Surveillance. A sophisticated surveillance system is not absolutely necessary to see improvements of VAP rates in a single setting. Time-ordered analysis can be more easily performed to gauge improvement in the same hospital. Difficulties arise when benchmarking is attempted, and surveillance is integral to benchmarking. For this purpose, accurate surveillance is complex and requires the collation and assessment of data in varied formats: medication chart, medical record, laboratory data (including the microbiological reports), institutional pharmacy, and administrative databases, even including interviews with medical staff. This requires dedicated, specialized staff and is often time-consuming. Some conditions require surveillance to be continued after patient discharge. It is not surprising, therefore, that surveillance protocols and definitions differ from one center to another. Improving the quality of comparable data certainly requires an agency or a private association that plans, coordinates, and propagates harmonization of surveillance systems, such as the Centers for Disease Control and Prevention, the National Quality Forum [44], or the Institute for Healthcare Improvement in the United States [45].
Surveillance of VAP itself would probably not reduce infection rates in the absence of intervention.
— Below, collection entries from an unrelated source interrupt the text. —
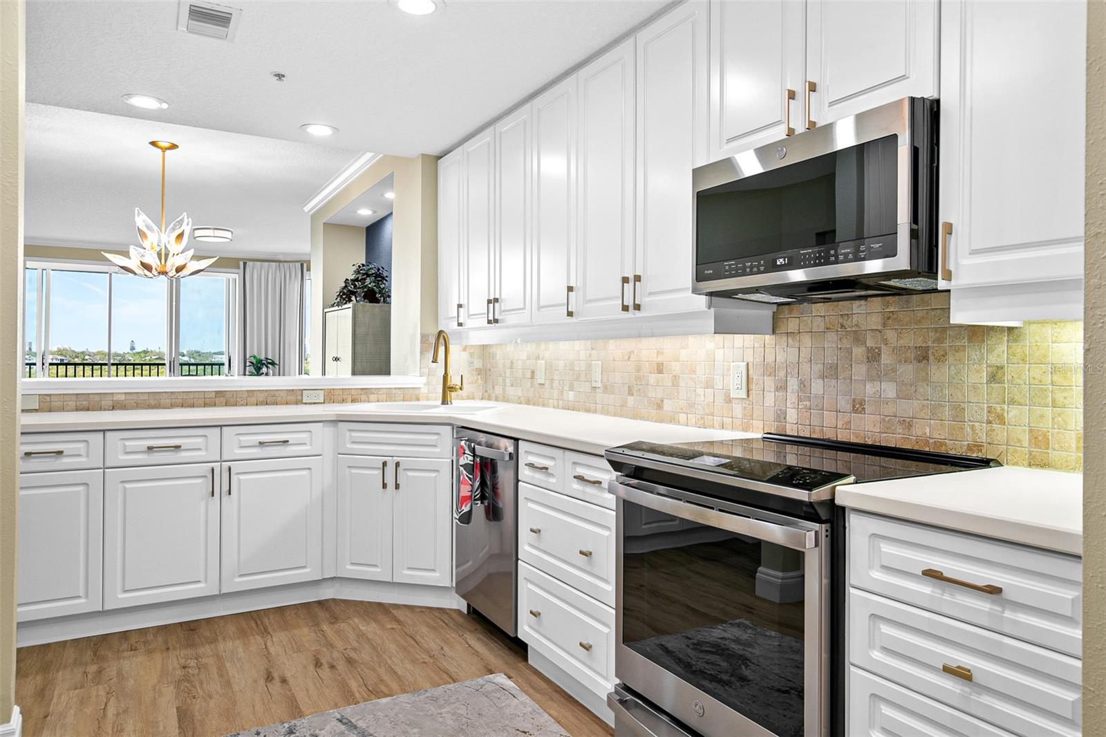 Experience the ultimate coastal lifestyle in this turn-key, professionally designed 2-bedroom, 2-bathroom residence located in the popular Landings community. This bright, west-facing unit offers a seamless blend of luxury and comfort, featuring all new furnishings, new flooring throughout and a custom designed interior aesthetic. The bright kitchen is a chef’s dream, fully equipped with brand new high-end appliances, including a custom built-in refrigerator, range, microwave, dishwasher, and a premium washer/dryer set. Every detail has been considered, from the tasteful lighting and ceiling fans to the custom drapery and convenient remote-controlled sun shades. The thoughtful layout includes a versatile second bedroom complete with a brand-new, built-in Murphy bed. Relax on your private, screened-in lanai and take in breathtaking views of the iconic Siesta Key Susnets over Sarasota Bay. It is the perfect vantage point for observing local wildlife and lush mangroves. The ammenities at the Landings are second to none. Spend the day on the courts with friends, relax by the pool or take a walk on the nature trails that lead to the bay. Pack your suitecase and move right in, your little piece of paradise is awaiting your arrival!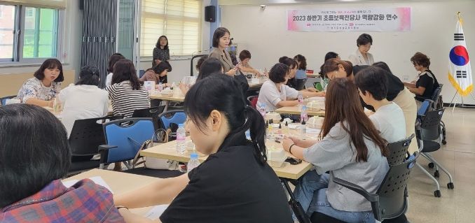 (뉴스폼) 경기도성남교육지원청은 2023년 8월 25일(29일, 30일 추가 실시 예정) 초등보육전담사 132명을 대상으로 경기이룸학교 성남캠퍼스에서‘2023년 하반기 초등보육전담사 역량강화 연수’를 실시했다.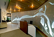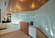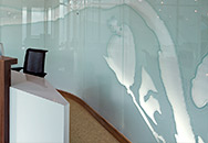 This unique project consists of floor-to-ceiling glass panels -- including a curved area -- that form a wall. The map of the Columbia River, which meanders across the wall, utilizes etched areas of differing depths to reflect the actual topographic character of the river. Selected areas of the etched design are paint filled on the back to enhance readability.

It would require at least the feedback of the results observed, which is already an intervention [46– 49]. Although their results were not based on randomized trials, German authors have shown that VAP rates decreased in hospitals participating in their national surveillance system [47, 48]. The availability of a microbiological surveillance system is classified as category of evidence grades IA– IB in guidelines for the prevention of nosocomial pneumonia [36]. Certainly, national or international surveillance programs exist, with a potential of standardizing main outcome parameters [50]. However, the degree of detail of the data collected is vital. Surveillance including only core data or VAP rates will not be able to take into account the case mix of the individual patient populations.
Case mix. Case mix is the “curve ball” of any outcome benchmarking like VAP rates, and its impact on results should not be underestimated [51], which is true for most disease conditions among critically ill patients. These patients are difficult to categorize into comparable groups. They differ across age, immunosuppression status, comorbidities, smoking and immunization history, recent hospitalization, and even dental hygiene. The admission conditions that dictate the necessity for invasive procedures also represent risk factors for nosocomial infections and thus act as propensity factors. Even more confounding, patients are dynamic hosts themselves; their conditions vary over time during hospital stay and change in terms of risk factors. Among patients with VAP, disease severity and attributable mortality will be overestimated if only ICU admission criteria are retrospectively ascribed to each episode of VAP. Case mix is difficult and rarely accounted for in a meticulous way, thus frequently inviting inaccurate comparisons [52]. Underadjustment will punish the excellent centers.
Statistics. Besides the problem of case mix, relating VAP rates to risk factors to allow significant comparisons requires sophisticated adjustment for numerous parameters. The sample size needs to be massive for meaningful data to be collected. VAP incidence described as episodes per 1000 patient-days may underestimate the incidence expressed as episodes per 1000 ventilator-days by almost 40%, thus demonstrating that the method of reporting VAP rates has a significant impact on risk estimates [7]. Accordingly, clinicians in charge of patient-care policies should be aware of how to read and compare VAP rates [53]. Provided that the sample size is sufficient, problems related to statistics would be simple to overcome by consensus. This latter option might be to decide on ventilator-days at risk during a defined, meaningful study period as the main denominator of incidence density [7] and to assess only the first episode of VAP, to minimize clustering effects. Prevalence studies cannot be used to collect this type of information. Surveillance based on an incidence survey is more resource consuming than are prevalence surveys. The assessment of ventilator-days at risk demands ongoing continuous surveillance and individual patient data collection and monitoring [7], which are still rarely available in most ICUs.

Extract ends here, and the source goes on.